WHAT THIS TASK INVOLVES:
You are asked to copy the entire listing exactly, apart from its pictures.

DATA SECTION:

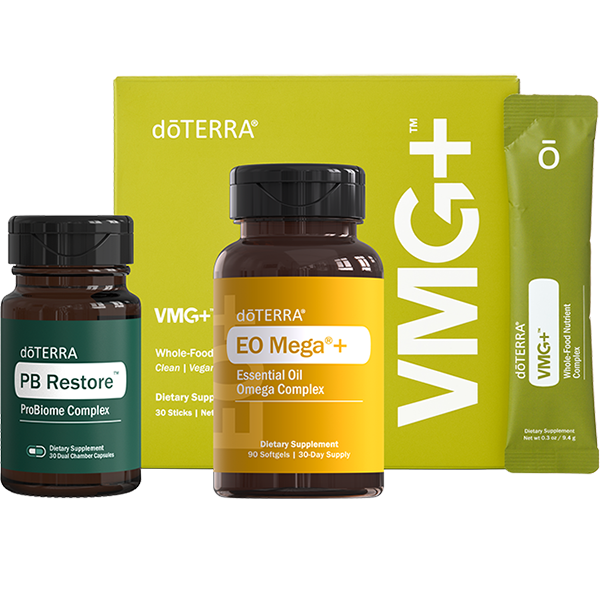 With VMG+, EO Mega+, and doTERRA PB Restore, the Foundational Wellness Bundle helps you create a daily routine that lays solid groundwork for a successful future when it comes to your wellness.
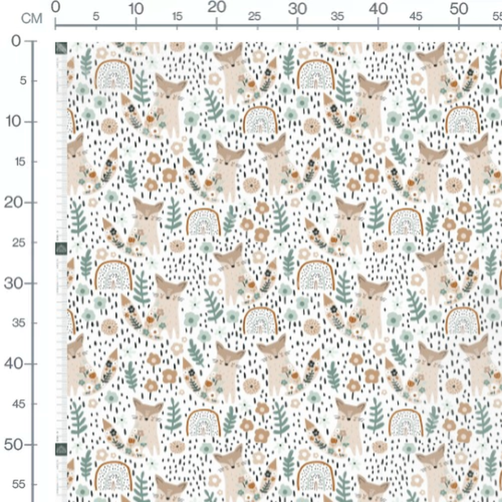 Des champignons rouges et blancs parsèment le motif. Des fleurs roses et bleues ajoutent une touche de couleur. Les feuilles vertes et brunes créent un cadre naturel.Les tissus
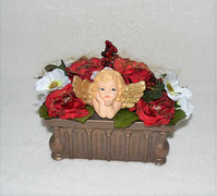 Weihnachtsgesteck mit Engelskopf rot-weiß

OUTPUT OF THE EXERCISE:
 With VMG+, EO Mega+, and doTERRA PB Restore, the Foundational Wellness Bundle helps you create a daily routine that lays solid groundwork for a successful future when it comes to your wellness.
 Des champignons rouges et blancs parsèment le motif. Des fleurs roses et bleues ajoutent une touche de couleur. Les feuilles vertes et brunes créent un cadre naturel.Les tissus
 Weihnachtsgesteck mit Engelskopf rot-weiß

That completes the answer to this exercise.